Reputation: 206
I have a large file of points and I am trying to find the distance between those points and another set of points. Initially I used the to_crs
function of geopandas to convert the crs so that I can get an accurate distance measure in terms of meters when I do df.distance(point)
. However, since the file is very large, it took too long just to convert the crs of the file. The code was running for 2 hours and it still did not finish converting. Therefore, I used this code instead.
inProj = Proj(init='epsg:4326')
outProj = Proj(init='epsg:4808')
for index, row in demand_indo_gdf.iterrows():
o = Point(row['origin_longitude'], row['origin_latitude'])

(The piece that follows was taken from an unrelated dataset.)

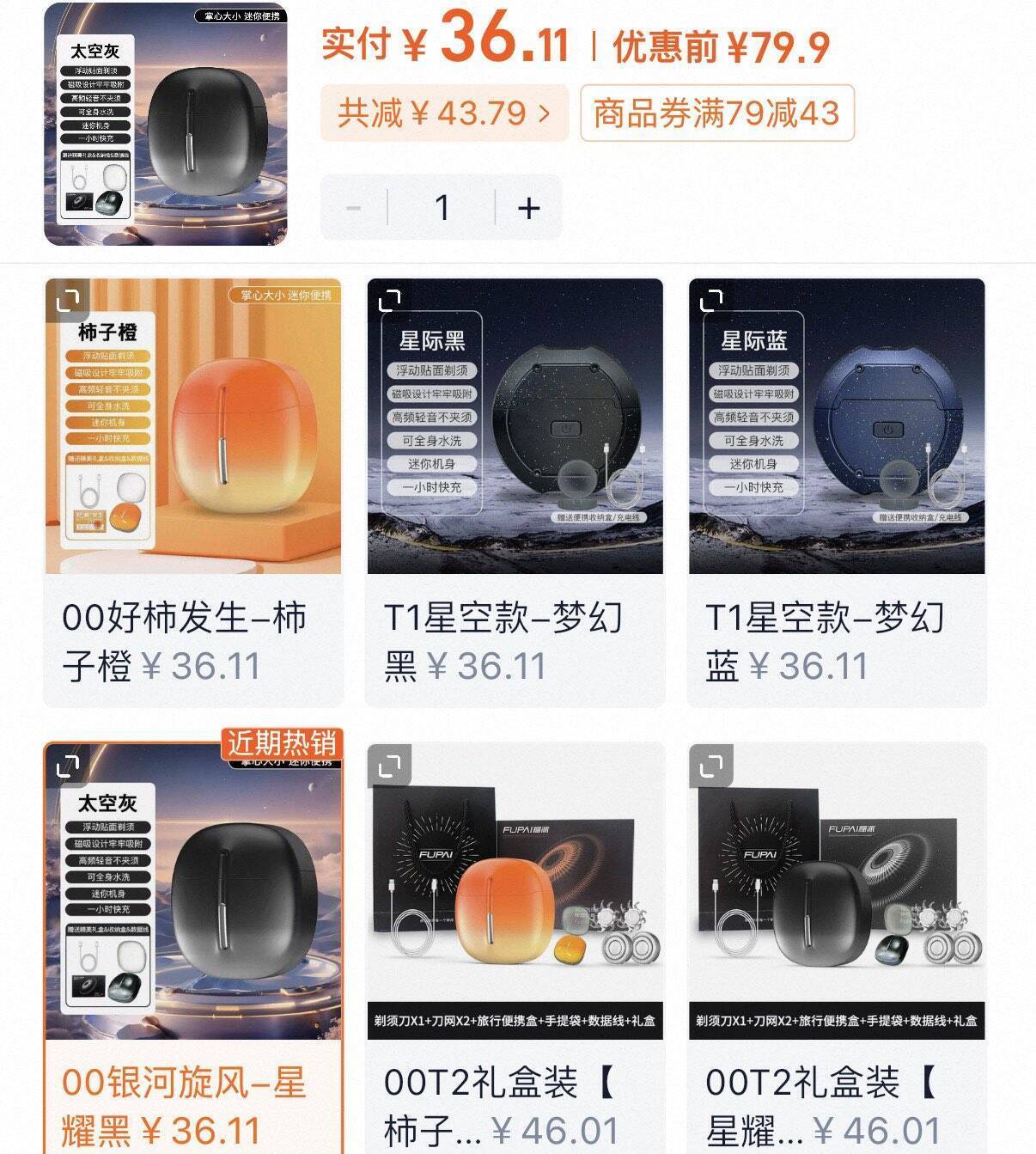 福派便携式星空剃须刀36元

o_proj = Point(transform(inProj, outProj, o.x, o.y))
for i, r in bus_indo_gdf.iterrows():
stop = r['geometry']
stop_proj = Point(transform(inProj, outProj, stop.x, stop.y))
print ('distance:', o_proj.distance(stop_proj), '\n\n')
I thought it may be faster to individually convert the crs and carry out my analysis. For this set of points:
o = (106.901024 -6.229162)
stop = (106.804 -6.21861)
I converted this EPSG 4326 coordinates to the local projection, EPSG 4808, and got this:
o_proj = (0.09183386384156803 -6.229330112968891)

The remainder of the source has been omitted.